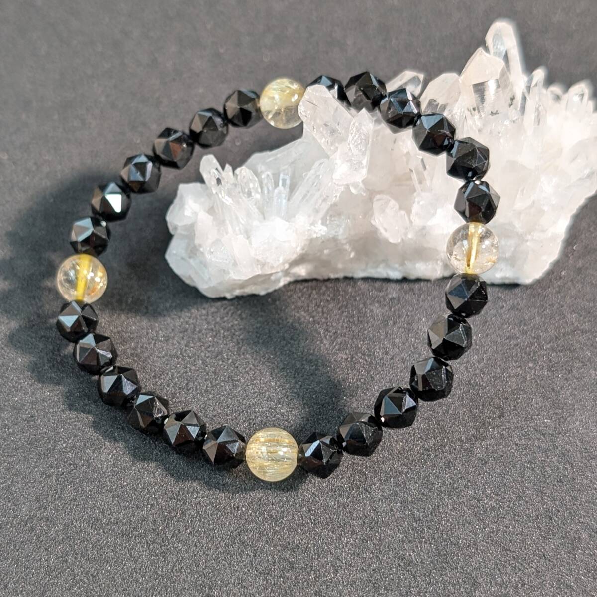 - ゴールドルチル スターカットスピネル ブレスレット 6mm 勝ち運 天然石 手首サイズでオーダー可能 お守り ギフト 贈り物 プレゼント
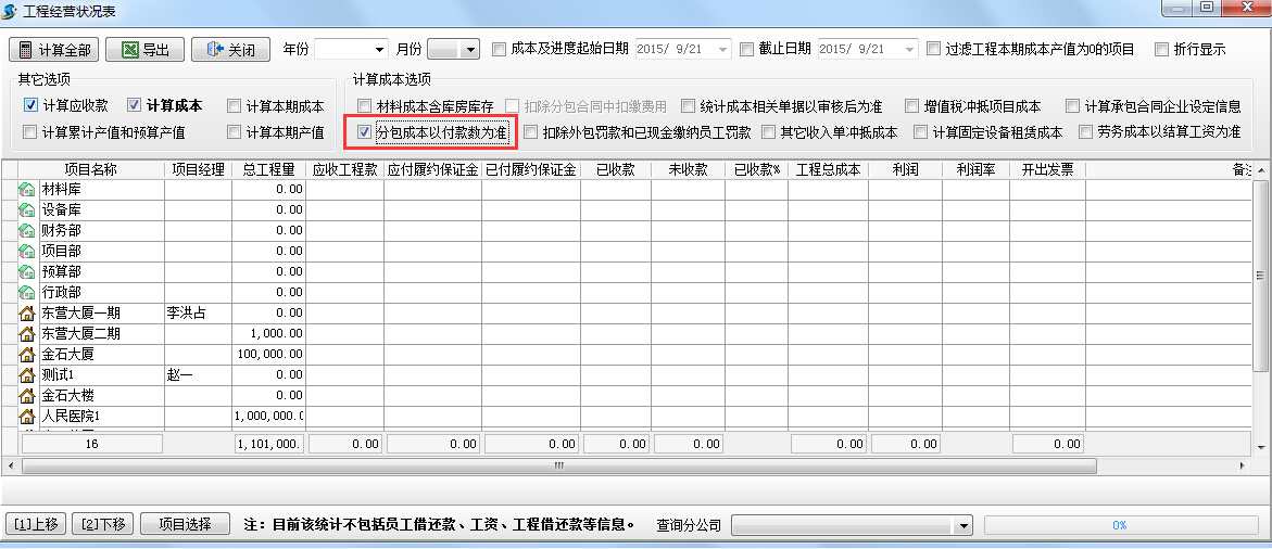 如上圖設(shè)置項(xiàng)目為金石大廈后查詢出的結(jié)果。
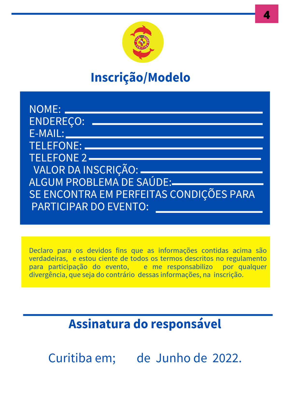 👉Obs : preencher o termo de inscrição,e nos enviar.
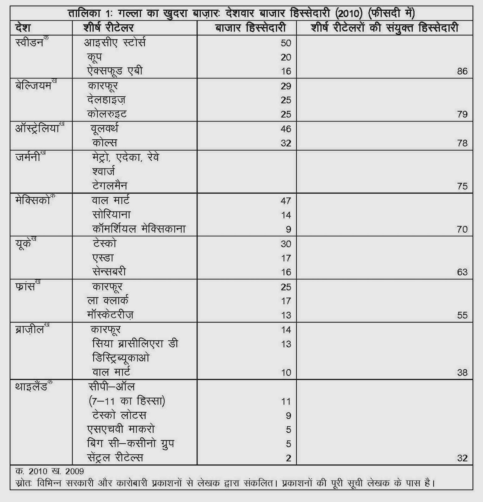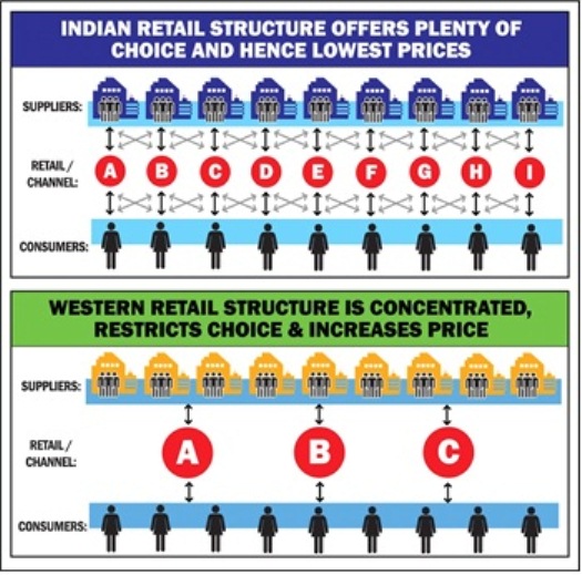 फिलहाल भारत में खुदरा बाजार का ढांचा पश्चिम का ठीक उलटा है जहां किसी भी एक कंपनी का बाज़ार के किसी सेगमेंट पर कब्जा नहीं है। बहुराष्ट्रीय खिलाड़ी पैसे की ताकत और दुनिया भर से उत्पाद खरीद सकने की अपनी क्षमता के चलते यहां यह मॉडल थोप सकते हैं। इस प्रक्रिया में लाखों नौकरियां जाएंगी, अकेले स्वरोजगार वाले क्षेत्र या छोटी दुकानों में नहीं बल्कि कॉरपोरेट रीटेल क्षेत्र में भी, क्योंकि वालमार्ट जैसे बड़े रीटेलरों का हमला झेल पाने में वे खुद को नाकाम पाएंगे।
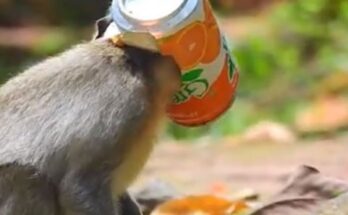 The poor baby monkey finds itself in a frightening situation after its head becomes stuck inside a discarded can. Confused and scared, it struggles helplessly, unable to understand why it …
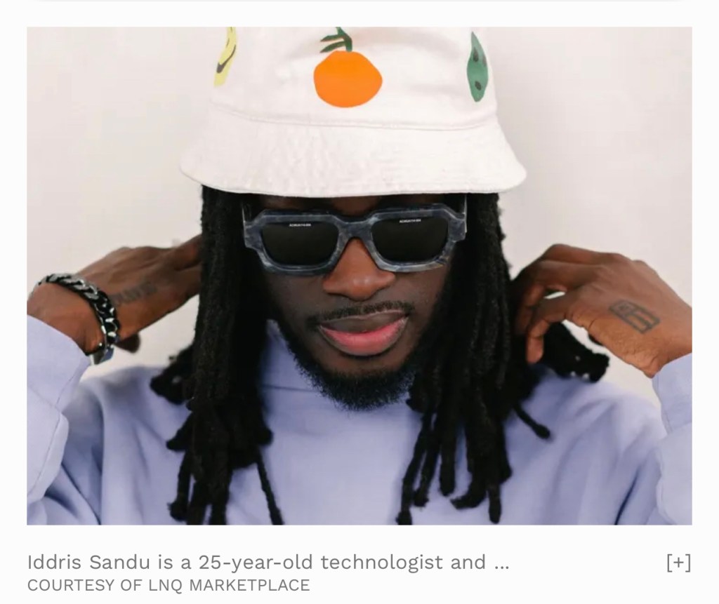 Iddris Sandu is a 25-year-old technologist and founder of Spatial Labs, an impact-driven tech incubator backed by venture capital firm Marcy Ventures, founded by JayZ. Since launching LNQ Marketplace in May of this year with the Gen One Hardwear collection, the decentralized retail ecosystem is redefining the buying, owning, and selling experience with fashion via the first blockchain-enabled fashion line.
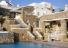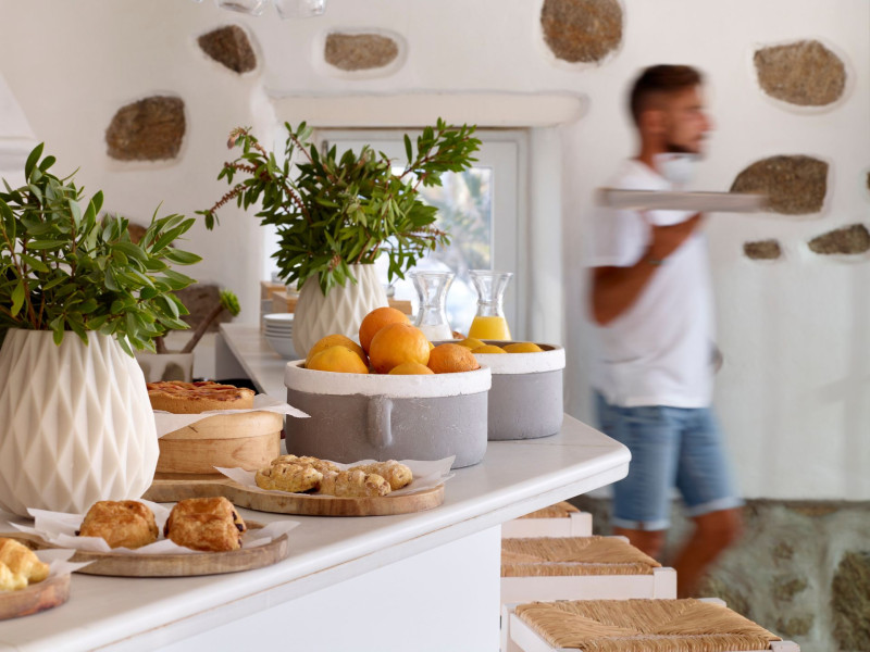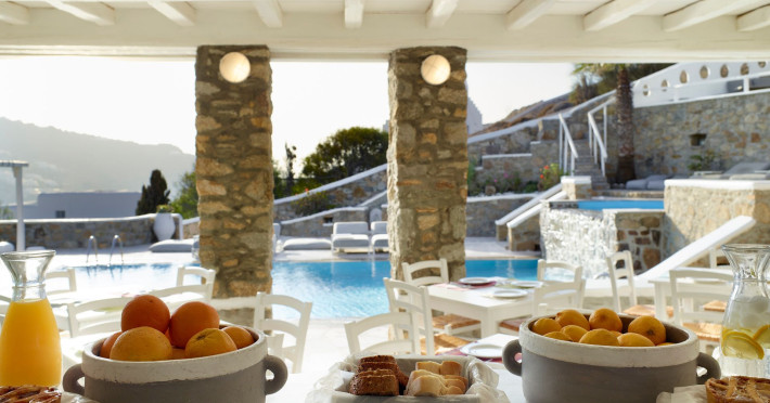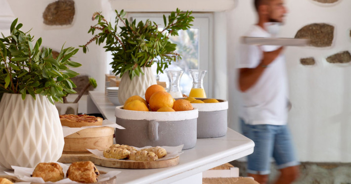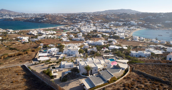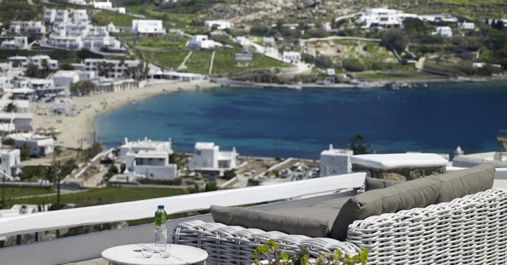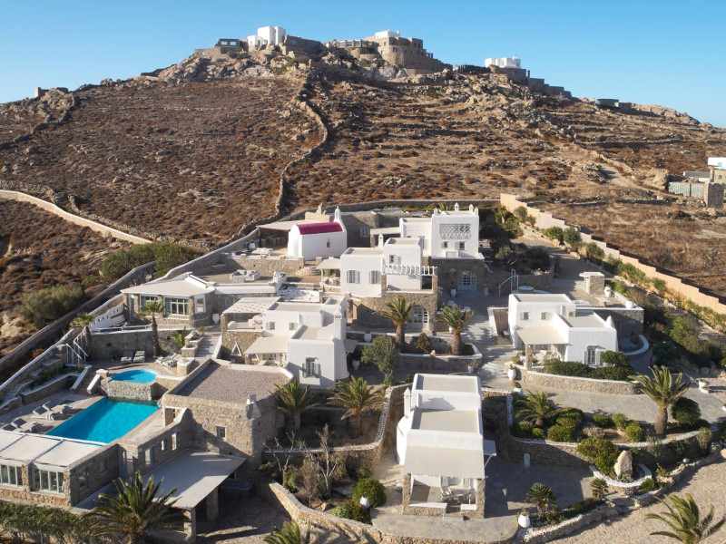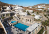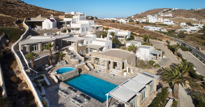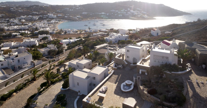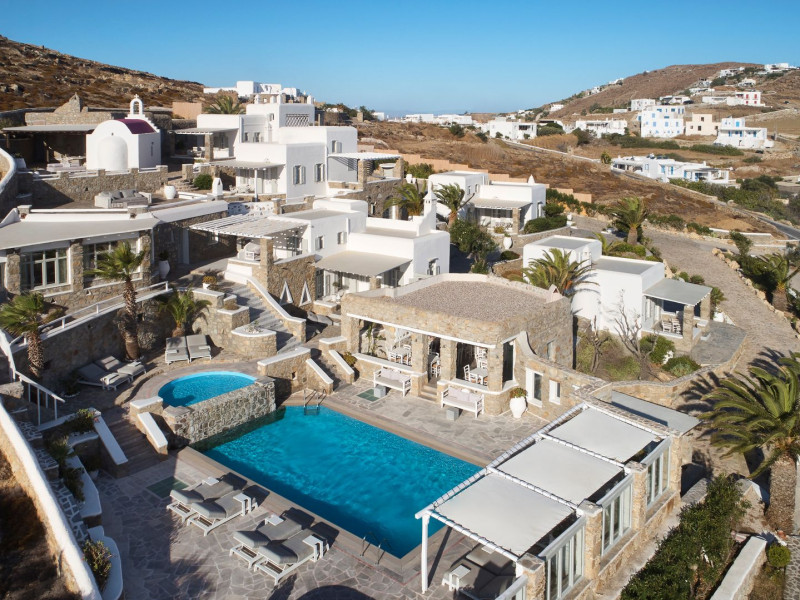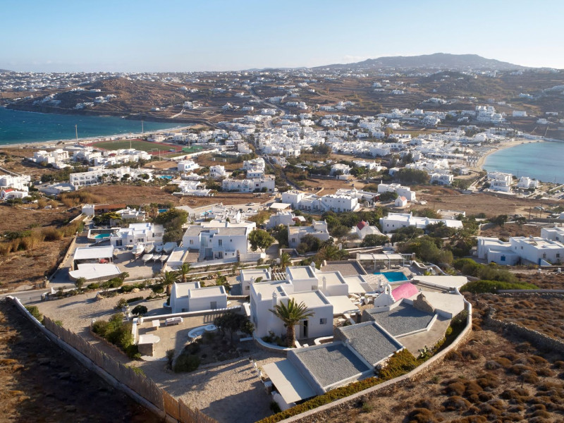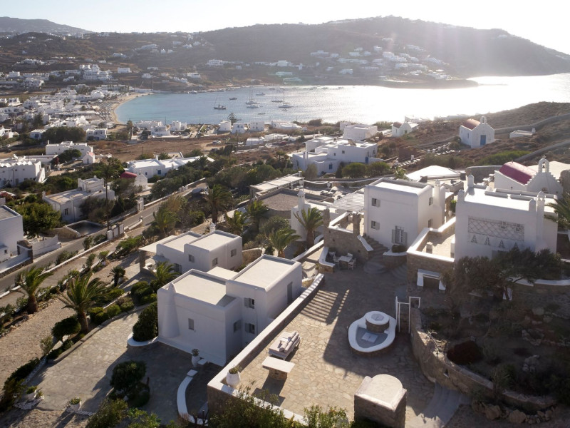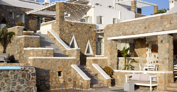 Kallos of Mykonos is a complex of houses and studios, built according to the traditional Mykonian architecture in a 5000 square meters field. It is constructed in uneven levels, so that all buildings have unobtrusive sea view to Ornos beach, Korfu beach and the town of Mykonos. All houses and studios have a private veranda, are spacious and equipped with comfortable signature beds, flat screen, cable TV, free wi-fi, kitchen and living room. The area of the pool and the hydro-massage offers its guests with comfortable sun beds and an all-day bar, with the breathtaking view of the Aegean Sea as the background, while Ornos beach is within a 10’ walking distance. Inside the complex there is a large garden area, with organic products that are cultivated with the Permaculture technique and are used for the preparation of the homemade breakfast and tasty snacks.

→ **Work required**
Write the listing out exactly, word for word, but omit the pictures.

→ **Task answer**
 - ゴールドルチル スターカットスピネル ブレスレット 6mm 勝ち運 天然石 手首サイズでオーダー可能 お守り ギフト 贈り物 プレゼント
 如上圖設(shè)置項(xiàng)目為金石大廈后查詢出的結(jié)果。
 👉Obs : preencher o termo de inscrição,e nos enviar.
 फिलहाल भारत में खुदरा बाजार का ढांचा पश्चिम का ठीक उलटा है जहां किसी भी एक कंपनी का बाज़ार के किसी सेगमेंट पर कब्जा नहीं है। बहुराष्ट्रीय खिलाड़ी पैसे की ताकत और दुनिया भर से उत्पाद खरीद सकने की अपनी क्षमता के चलते यहां यह मॉडल थोप सकते हैं। इस प्रक्रिया में लाखों नौकरियां जाएंगी, अकेले स्वरोजगार वाले क्षेत्र या छोटी दुकानों में नहीं बल्कि कॉरपोरेट रीटेल क्षेत्र में भी, क्योंकि वालमार्ट जैसे बड़े रीटेलरों का हमला झेल पाने में वे खुद को नाकाम पाएंगे।
 The poor baby monkey finds itself in a frightening situation after its head becomes stuck inside a discarded can. Confused and scared, it struggles helplessly, unable to understand why it …
 Iddris Sandu is a 25-year-old technologist and founder of Spatial Labs, an impact-driven tech incubator backed by venture capital firm Marcy Ventures, founded by JayZ. Since launching LNQ Marketplace in May of this year with the Gen One Hardwear collection, the decentralized retail ecosystem is redefining the buying, owning, and selling experience with fashion via the first blockchain-enabled fashion line.
 Kallos of Mykonos is a complex of houses and studios, built according to the traditional Mykonian architecture in a 5000 square meters field. It is constructed in uneven levels, so that all buildings have unobtrusive sea view to Ornos beach, Korfu beach and the town of Mykonos. All houses and studios have a private veranda, are spacious and equipped with comfortable signature beds, flat screen, cable TV, free wi-fi, kitchen and living room. The area of the pool and the hydro-massage offers its guests with comfortable sun beds and an all-day bar, with the breathtaking view of the Aegean Sea as the background, while Ornos beach is within a 10’ walking distance. Inside the complex there is a large garden area, with organic products that are cultivated with the Permaculture technique and are used for the preparation of the homemade breakfast and tasty snacks.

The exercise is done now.